The 10-year Treasury is generally considered to be one of the safest places you can park your money as it is backed up by the full faith and credit of the US government. The yield on the 10-year is 1.8% as mentioned above. However, annual inflation or CPI is currently sitting at 6.8%.iii This means that an investor who parks his or her money in a treasury bill will have negative rate of return of -5%. This unique situation is driving equity returns as investors need to beat inflation. The big winners last year were growth stocks as high inflation made their valuations more reasonable. The graph below shows the 10-year yield on the x-axis and the inflation rate on the y-axis. Inflation is currently running much hotter than the risk-free rate of return. This is a tailwind for equities.
In order to control inflation, the Fed is looking to taper. Again, I question if the Fed will actually taper, but if they do the market may rotate more into value stocks that are lower risk and pay a nice dividend. When/if they taper, large cap dividend paying stocks (blue-chip stocks) could be the big winners in 2022.
Gold and Bitcoin
With uncertainty in Equities and Bonds right now, I figured it would be a good time to revisit Gold and Bitcoin as they usually offer asymmetric non-correlating returns to traditional asset classes. Gold is currently trading around $1,800 an ounce.
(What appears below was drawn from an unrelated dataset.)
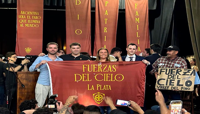 “El acto lanzamiento de Las Fuerzas del Cielo, que tuvo lugar en la Sociedad Italiana de San Miguel con una escenografía nazi-fascista cuidadosamente montada, no es ningún hecho político aislado ni marginal: se inscribe en un clima de época que con iniciativas como esta buscan seguir radicalizando desde el poder real”, advirtió el Secretariado Nacional del Partido Comunista por medio de una declaración en la que convoca a construir “una alternativa antiimperialista contra el proyecto neocolonial de Milei y los monopolios”.

This is off of it’s high of $2,000 during the covid pandemic flight to safety. Despite ideal conditions, Gold is not very exciting right now, and the under-performance is perplexing to many investors including myself. Gold usually does well during periods of high inflation and low bond yields like we have right now. It is viewed as a currency alternative and one that offers safety when governments are spending more than they take in. While there are many theories as to why gold has underperformed, one is that it is being replaced by cryptocurrencies, primarily Bitcoin. Bitcoin has gained notoriety for massive gains and epic crashes. 2021 was a great year for Bitcoin as the price reached $69,000. Like Gold, Bitcoin does well when the Fed is printing money and fears of inflation are high. With the Fed threatening to taper, Bitcoin has dropped to it’s support zone around $40k. I think both have a place in an investor’s portfolio, with amount determined by individual circumstance.
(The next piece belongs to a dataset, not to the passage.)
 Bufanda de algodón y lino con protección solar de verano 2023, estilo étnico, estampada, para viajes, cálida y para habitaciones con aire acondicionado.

Markets reward long term investors but positive returns do not happen every year. We need to have realistic expectations and not panic over volatility or a down year. My advice for you is to ignore the headlines. Occupy your time and mind with things you enjoy and try not to worry, that’s our job! In the meantime, my team and I will continue keeping an eye on the markets, using the playbook we’ve worked so hard to assemble. At the end of the day our job is to manage risk and make sure that risk is properly adjusted to reward.